● Required action
Write out again the lines from the line with "隋唐萬畝生態(tài)園林項" up to and including the line with "产品内配:灯头*1, 底座*1, 壁灯灯座", exactly as they stand below, and skip any picture.

● Record extracts
[Start of Attachment]
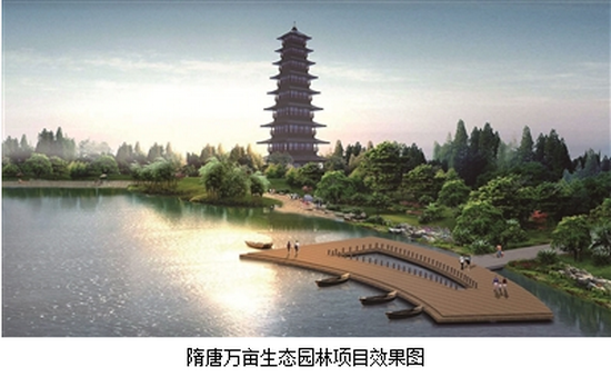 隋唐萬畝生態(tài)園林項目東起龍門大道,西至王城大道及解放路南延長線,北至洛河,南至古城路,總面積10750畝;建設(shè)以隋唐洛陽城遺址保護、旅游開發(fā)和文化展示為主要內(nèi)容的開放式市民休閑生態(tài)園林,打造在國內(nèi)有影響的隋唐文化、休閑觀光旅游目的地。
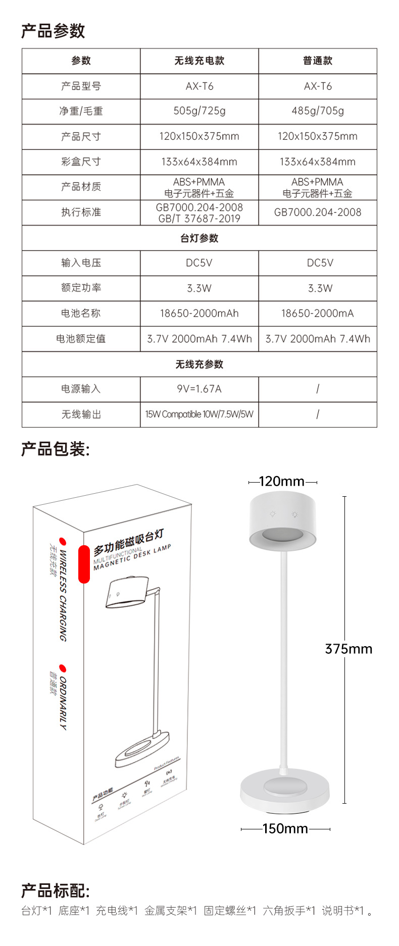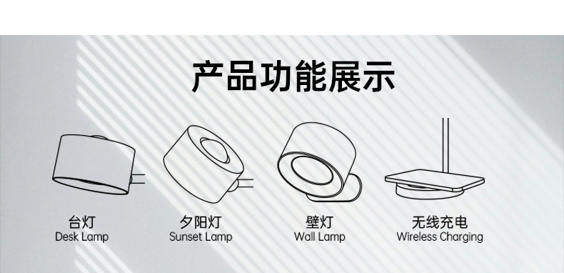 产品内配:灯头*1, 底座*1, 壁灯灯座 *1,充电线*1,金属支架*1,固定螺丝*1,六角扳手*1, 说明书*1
[End of Attachment]
[Start of Attachment]
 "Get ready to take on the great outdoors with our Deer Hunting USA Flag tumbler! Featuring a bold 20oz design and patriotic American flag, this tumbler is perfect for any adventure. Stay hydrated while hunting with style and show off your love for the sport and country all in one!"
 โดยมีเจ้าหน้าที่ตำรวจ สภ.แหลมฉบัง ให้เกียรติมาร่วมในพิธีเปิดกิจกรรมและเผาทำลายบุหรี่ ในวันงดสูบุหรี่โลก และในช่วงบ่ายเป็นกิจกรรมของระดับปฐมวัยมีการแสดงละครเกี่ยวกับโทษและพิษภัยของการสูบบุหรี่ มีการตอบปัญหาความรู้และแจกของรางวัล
[End of Attachment]
● Response
 隋唐萬畝生態(tài)園林項目東起龍門大道,西至王城大道及解放路南延長線,北至洛河,南至古城路,總面積10750畝;建設(shè)以隋唐洛陽城遺址保護、旅游開發(fā)和文化展示為主要內(nèi)容的開放式市民休閑生態(tài)園林,打造在國內(nèi)有影響的隋唐文化、休閑觀光旅游目的地。
 产品内配:灯头*1, 底座*1, 壁灯灯座 *1,充电线*1,金属支架*1,固定螺丝*1,六角扳手*1, 说明书*1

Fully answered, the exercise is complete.